3. This brings us to The Devil and Miss Jones, which is once again a piece of entertaining fluff. It’s better fluff, though, bolstered by the twin talents of Jean Arthur and the amazing Charles Coburn, who steals the entire film. This is another film that’s not going to change anyone’s life or is going to rewrite ideas of narrative, but it’s fun to watch and cleverly written. I like that it was nominated because it is so nicely done is purely entertaining from opening to close. It’s not good enough to actually win, but I’m very pleased I got to watch it.

Oscar Got It Wrong!: Best Original Screenplay 1941

2. Sergeant York is the first of these movies that really feels like it belongs completely, or feels like it is serious enough to be in contention. It’s heavy-handed in a lot of places despite how much it appears to follow the actual story of the eponymous Sergeant York. This isn’t a movie that I ended up loving that much, but I think it’s well-made and the screenplay is a very good one. I could probably make a case for it in a different year. Sadly for Sergeant York, it was released in a year with a juggernaut

My Choice

Oscar Got It Wrong!: Best Original Screenplay 1941

1. Is there a choice apart from Citizen Kane? I don’t think there legitimately could be. I know in the modern age there is a certain trendiness in finding Kane overrated and boring, but I don’t know anyone who honestly feels that way.

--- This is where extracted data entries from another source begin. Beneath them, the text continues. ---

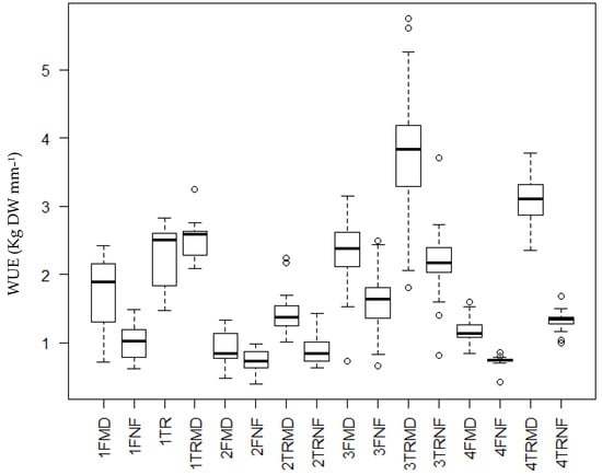 Similarly, the WUE was higher under TRMD in all seasons, with early planting recording higher values than normal or late season planting. The spatial average values for WUE were 2.07 ± 0.76 kg DW mm−1, 1.00 ± 0.28 kg DW mm−1, 2.39 ± 0.86 kg DW mm−1, and 1.53 ± 0.98 kg DW mm−1 for SES1, SES2, SES3 and SES4 respectively. SES3 recorded the highest WUE values followed by SES1, SES4 and SES2 (Figure 7). In SES2, the WUE in TRMD during the normal planting window was higher than the WUE for both early and late planting. The highest achieved value of WUE was 3.8 kg DW mm−1 (0.38 kg m−3) in SES3 under TRMD and the lowest recorded WUE was 0.53 kg DW mm−1 (0.05 kg m−3) in SES2 under FNF. In all seasons, TRMD improved the WUE with a greater effect as compared to other treatments (Figure 7). Early and normal planting produced higher values of WUE than late planting for SES1 and SES2.
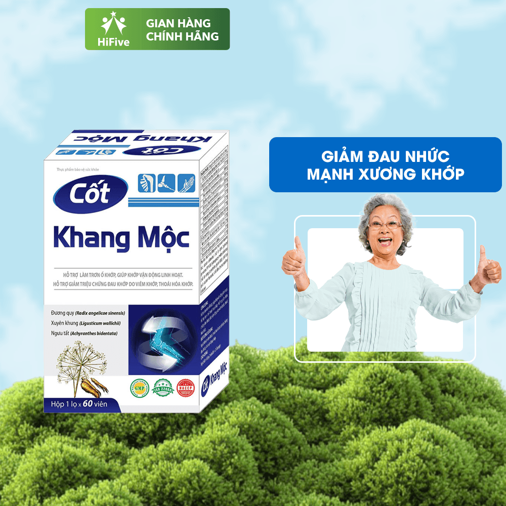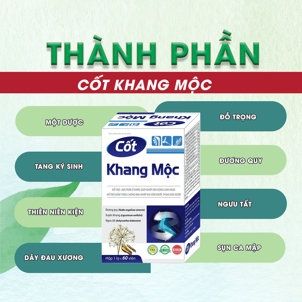 Cốt Khang Mộc kết hợp glucosamine – hỗ trợ cấu trúc sụn –, chondroitin và nano curcumin với các thảo dược nhỏ như tang ký sinh, thiên niên kiện, đỗ trọng… được đánh giá giúp giảm triệu chứng đau nhức khớp, hỗ trợ vận động linh hoạt sau 1–2 liệu trình. Sản phẩm được cấp phép lưu hành và phù hợp sử dụng dài hạn.
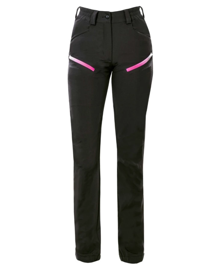 Pantalonii softshell pentru femei au o potrivire subțire SLIM FIT. Softshell-ul elastic ușor ElasticTech®Flexi cu membrană este, de asemenea, potrivit pentru activități solicitante, oferă o protecție excelentă împotriva vântului, este impermeabil, se usucă rapid și menține temperatura optimă a corpului. Fermoare de ventilație cu plasă pe partea exterioară a coapselor. Partea din spate este împărțită de șa, există 2 buzunare cu fermoar în față, circumferința taliei elastice, în formă crește confortul purtării. Modelarea funcțională a picioarelor, croială conică, tiv inferior al picioarelor cu posibilitatea de reglare a circumferinței cu capse, cârlig interior cu elastic pentru atașarea picioarelor la pantofi. Designul este completat de imprimări reflectorizante 3D.
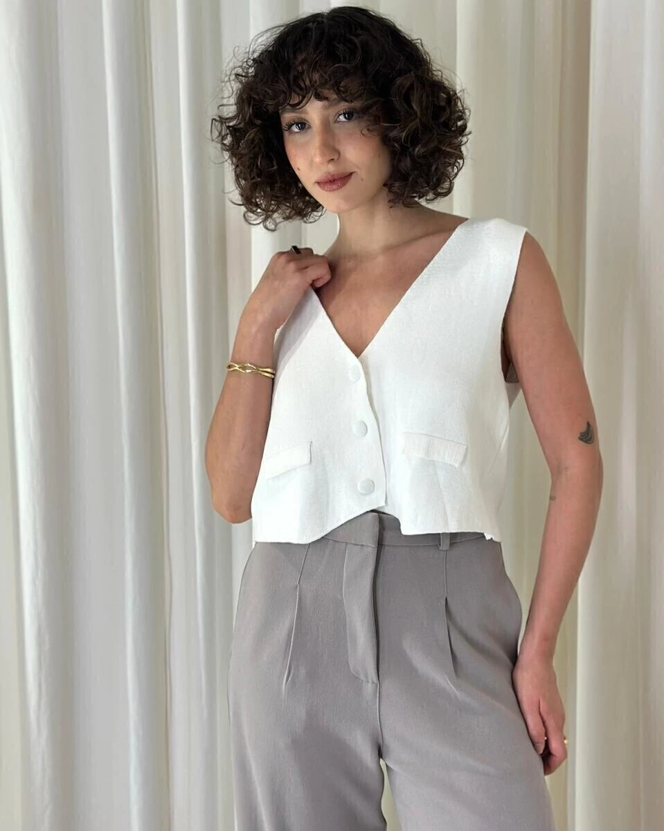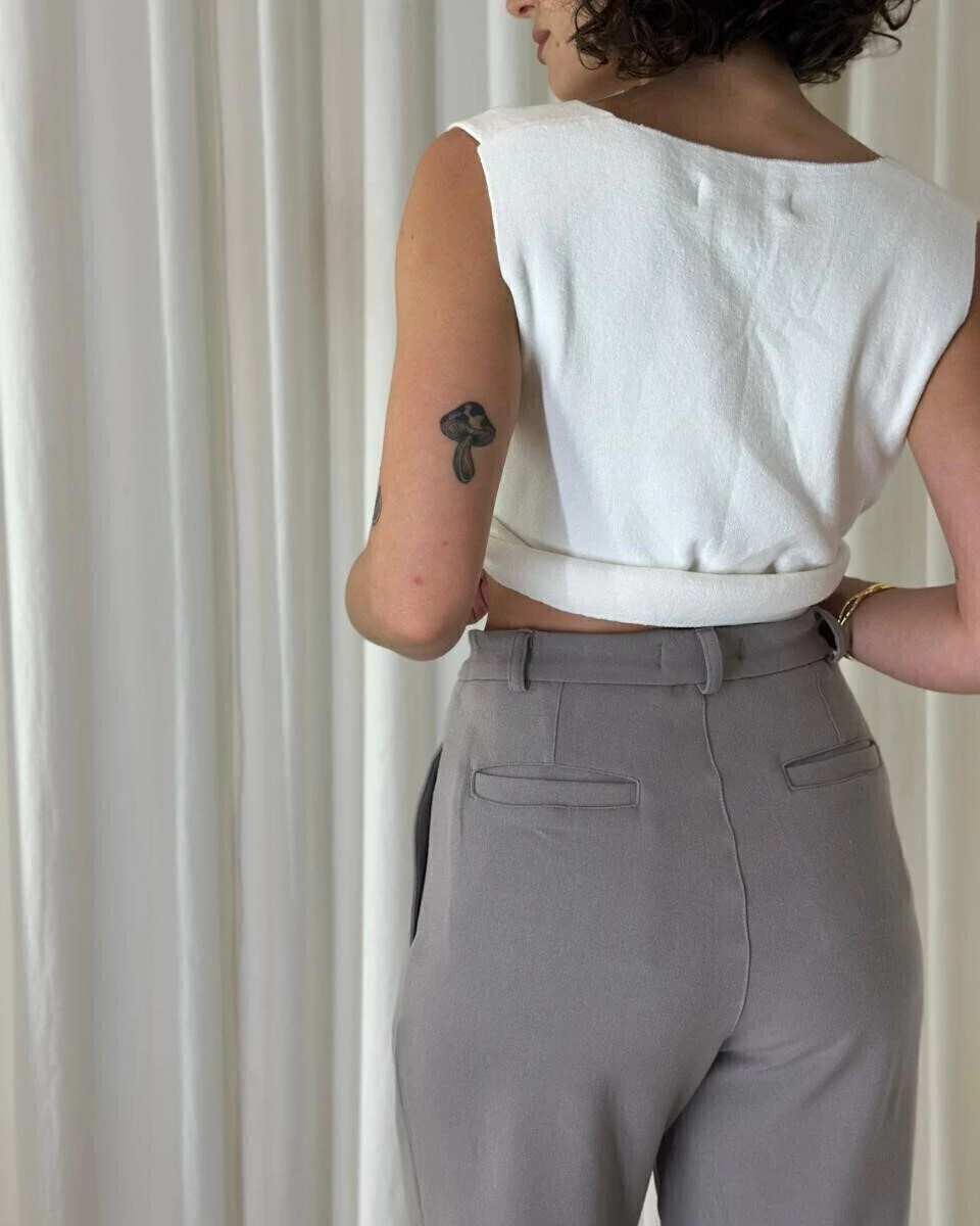 A Calça Beirute é aquela peça de alfaiataria moderna que une caimento impecável, conforto e versatilidade. Com modelagem reta levemente ampla, ela alonga a silhueta e traz um visual elegante sem esforço. O tecido leve possui toque macio e movimento fluido, ideal para quem procura uma calça para usar do trabalho ao dia a dia. A peça conta com pregas frontais, que criam volume na medida e deixam o look mais sofisticado, além de cós estruturado com passantes, o que permite combinar com cintos. Nas costas, possui bolsos embutidos, mantendo o visual limpo e minimalista. O tom cinza é neutro, moderno e combina com absolutamente tudo.
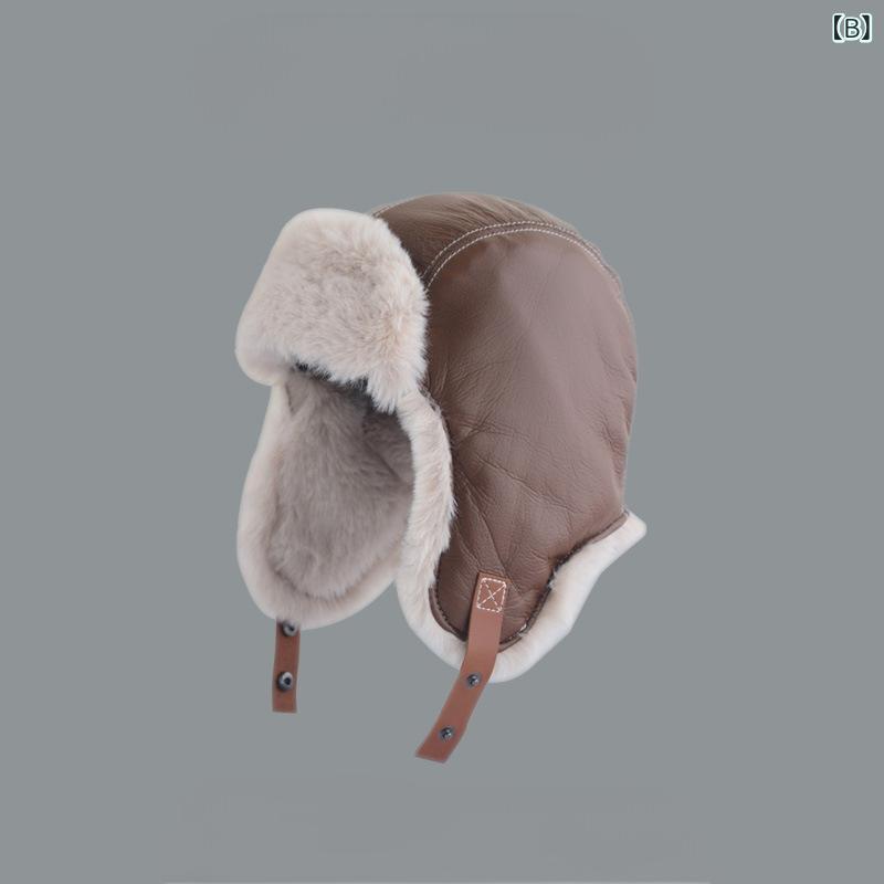 飛行帽 レディース メンズ ユニセックス 冬 厚手 保温 防寒 耳あて付き アウトドア サイクリング 電動自転車 防風 PUレザー ベル型 つばなし 個性派 トレンド
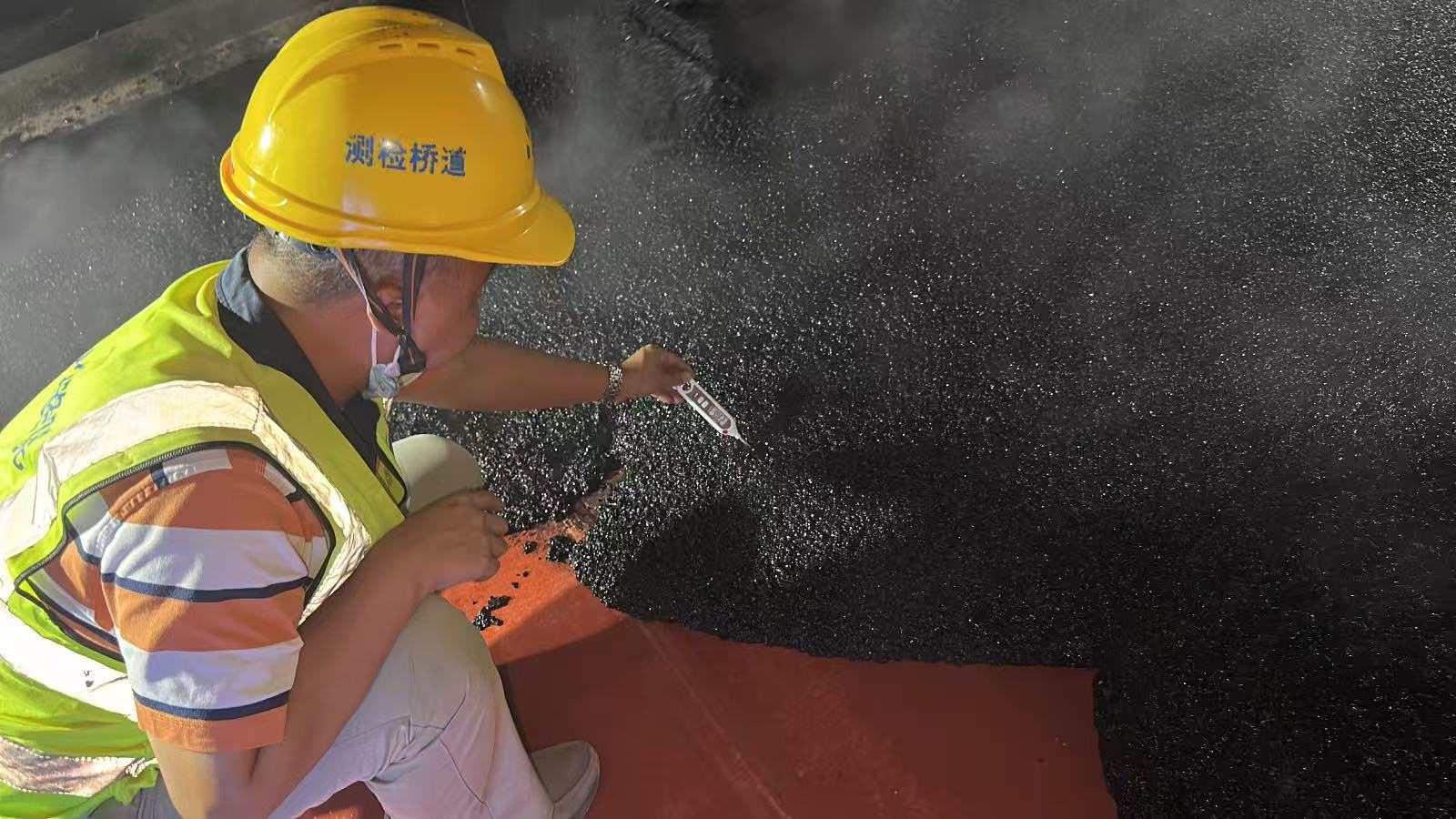 施工期間,道橋試驗研究所技術(shù)服務(wù)團隊主要開展了以下工作:對瀝青、骨料、礦粉等原材料質(zhì)量進行嚴格抽檢,確保材料符合設(shè)計要求;在混合料生產(chǎn)過程中,全程監(jiān)控拌和溫度、油石比、級配等關(guān)鍵參數(shù),確保每一盤出場的澆注式瀝青混合料性能穩(wěn)定達標(biāo);對運輸過程保溫、現(xiàn)場攤鋪溫度、厚度控制以及攤鋪工藝進行實時動態(tài)監(jiān)測與指導(dǎo),確保施工各環(huán)節(jié)無縫銜接、精準(zhǔn)可控;通過現(xiàn)場試驗檢測混合料流動性等參數(shù),及時獲取試驗數(shù)據(jù),為施工決策提供即時、科學(xué)的依據(jù),及時糾偏,防患于未然。

This is a powerhouse of a movie from its opening moment to the final scene in the furnace, and while we can pull out just about every aspect of the film to show why it is considered an objectively great film, all of that starts with an intelligent screenplay that tells its story just about perfectly. Had Oscar gone anywhere else, I’d be so disgusted I’d probably stop doing this feature.